The instances could safely be used by different threads running
concurrently, because access to the balance field was protected with
locks by all the methods.
The first version was not thread safe. If different threads, running
concurrently, accessed a bank account instance then they might
interfere with each other because of race conditions.
You might conclude that every class should be thread safe and protect
its fields with locks. However, this is not always necessary. The
problem arises only when more than one thread may share access to
something. If you know for sure that only one thread needs access to
that resource, then it is simpler and more efficient not to enforce
thread safety.
Many classes in the Java library are not thread
safe (though the API does not always make the situation clear). We
shall
look at two particular examples, collections and Swing.
Note that the problem arises only when updates are possible for a
class. If a class is immutable,
then it is automatically thread safe. Immutable means "cannot be
changed". So the field values cannot be changed. What is more, if the
field values are references to other objects, then those objects cannot
be changed in any way either. String
is an example of an immutable class. So is NamedInt, from an earlier
example.
Collections
In general, the collection classes are not thread safe although they
are thread compatible - you
can make them thread safe by using them with locks. Hence if you don't
need the thread safety, you can use the simpler implementation that is
not thread safe. We shall look at ArrayList
as an example.
There are three levels of problem for thread interaction on array
lists. Each has a different kind of critical region.
- When using the methods get
and set to read and write
elements, the array list behaves like an array. There are the usual
interference problems for threads reading and writing the same
elements. The critical region, just as for the bank accounts, is likely
to be a get-calculate-set sequence. If you have a get on its own, it is best to
make that a critical region because of the memory model rules.
- The methods add and
remove change the
structure of the array list. These can interfere in a worse way, since
potentially the interference can leave the array list in an
inconsistent state. The critical region here is just the add or remove.
- If one thread gets the size of an array list, and another thread
calls add or remove, the size will no longer
be correct. Similarly, indexes into the array list, or iterators over
it, will be interfered with by other threads calling add or remove.
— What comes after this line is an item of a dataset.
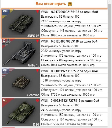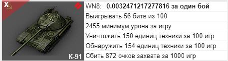 Года 2 даже результаты боя не смотрю, тем более стату на технике. Играю по фану. Если мне комфортно на 91-ом играть, то играю. А на счёт поднятия статы, всё индивидуально - калькулятор рейтинга эффективности (http://wot-news.com/). И средний урон тут не причём, а главное на каком танке меньше статюги играют. Вот играю на Лепарде и К-91. Средний урон почти одинаков 2,5к. Обе машины комфортны для меня. Но!!! Коэффициент WN8 на моём акке для К-91 (WN8=0.0032) в 3,5 раза лучше чем на Леопарде (WN8=0.00095). Ну, а на Юдесе вообще ТОП-1 по акку WN8=0.017. Ещё Скорп М56 мне норм WN8=0.010. Каждому своё. Играя по фану на Скорпе М56, потом на Гриле, далее на Юдесе (9к боев) я поднял стату с желтого игрока. Так что ребята советчики - лесом... http://wot-news.com/ калькулятор рейтинга эффективности нам в помощь:izmena::trollface::honoring:

The critical region is
the piece of code where you call size()
and then use your knowledge of the result; or where you use your
knowledge of which elements have which indexes; or where you get the
iterator and then use it.
In general, to make a collection object thread safe you must protect it
with a lock, using lock; try{critical region}finally{unlock}.
Wrappers
A "wrapper" class for array lists (or other kinds of collections) is
one that has the array list as one of its fields, but also has the
necessary locks and redefines the methods to be thread safe, as far as
possible. For example, its add method would first get the lock and then
call add on the array list.
The class java.util.Collections
provides some useful factory methods for creating instances of wrapper
classes.
Collections.synchronizedList
takes as parameter any object o
(such as an array list) that compatible with the List interface, and returns
another object that is compatible with List, and stores its data in o, but whose methods are thread
safe.
An example given in the API for synchronizedList
is
List
list = Collections.synchronizedList(new ArrayList());
You can also do this using generic types, e.g.
List<String>
list = Collections.synchronizedList<String>(new
ArrayList<String>(...));
Each method on list now works the same way as it would have done for
the unwrapped array list, but in a thread safe way, taking ownership of
a lock.
Getting the lock on a wrapper object
That deals with simple method calls, but you also need to know how to
get the lock for larger critical regions such as using an iterator.
Again, there is an example in the API.
synchronized(list) {
Iterator i = list.iterator(); // Must be in synchronized block
while (i.hasNext())
foo(i.next());
}
To understand this, you must know that the lock used to protect the
synchronized list is of the old kind, before the new java.util.concurrent.locks
features of Java 1.5. Every object has an old-style lock associated
with it. You never call lock() or unlock() with those, but instead say
synchronized( object ) {
critical
region
}
and this means
get old-style lock on object;
try {
critical
region
} finally {
release
old-style lock on object
}
Example
The example is in class ArrayListTest.
It creates an array list of Integers, and starts three threads on it.
One adds elements, one removes them, and one prints all the elements.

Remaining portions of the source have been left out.